Africa is the world’s second largest continent after Asia and stretches 5,000 miles from its most northerly point above the equator to its most southerly point below the equator.
Its 54 countries cover a land area of 11.7 million square miles and this size brings an enormous diversity in terms of climate and terrain, from the Sahara Desert to the spectacular scenery of the Great Rift Valley and to the 19,340 ft. peak of Mount Kilimanjaro.
The continent and its 1.4 billion population, however, face a number of hardships. The United Nations’ Food and Agriculture Organization (FAO) reveals in its ‘State of Food Security and Nutrition in the World Report 2024’ that 20.4% of people in Africa face hunger, compared to 9% globally, and that the prevalence of moderate or severe food insecurity in Africa at 58% is nearly double the global average. Malnutrition also often leads to diseases, which are often hard to treat given the size and complexity of the continent.
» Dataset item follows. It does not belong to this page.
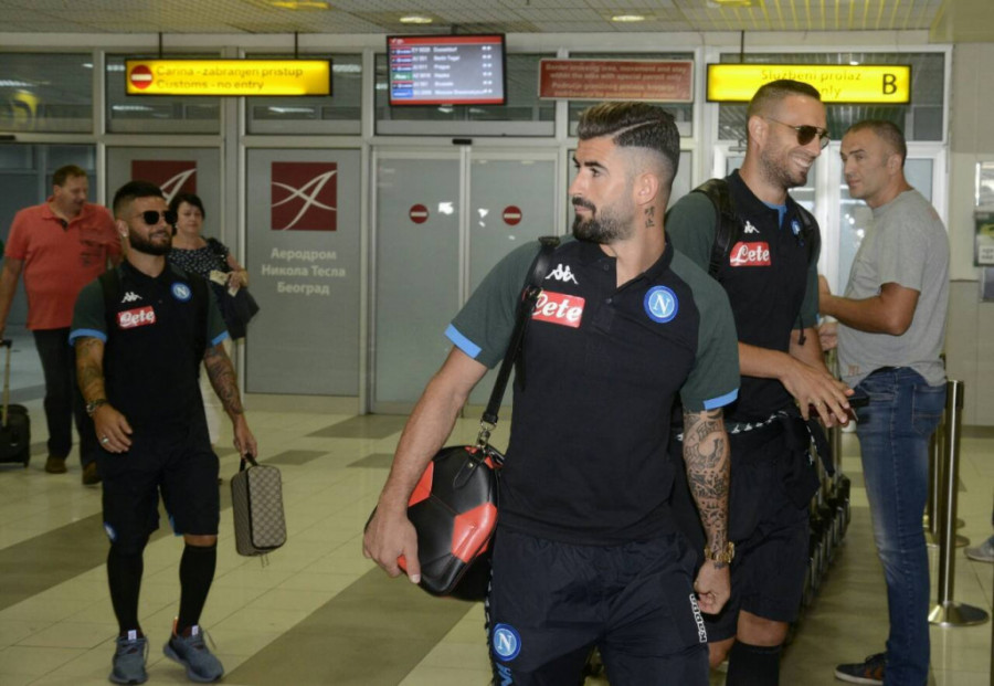 Fudbaleri Napolija stigli su u Beograd gde ih očekuje utakmica prvog kola Lige šampiona protiv Crvene zvezde. Predstavnici italijanskog kluba su protutnjali aerodromom "Nikola Tesla" a od Nikole Maksimovića smo saznali da ne smeju da daju izjave do konferencije za novinare. Utakmica je na programu u utorak od 21 sat.

Advances in genomics are improving scientific understanding of crops that can help tackle these challenges, while groundbreaking innovations from BGI Group, its research arm BGI-Research and subsidiary BGI Bioverse are turning knowledge into solutions that can make a difference in improving food security and tackling malnutrition.
Perennial Rice Boosts Yields
Named by Science as one of the top 10 scientific developments of 2022, perennial rice cultivation is significantly changing crop yields as it is introduced into African countries.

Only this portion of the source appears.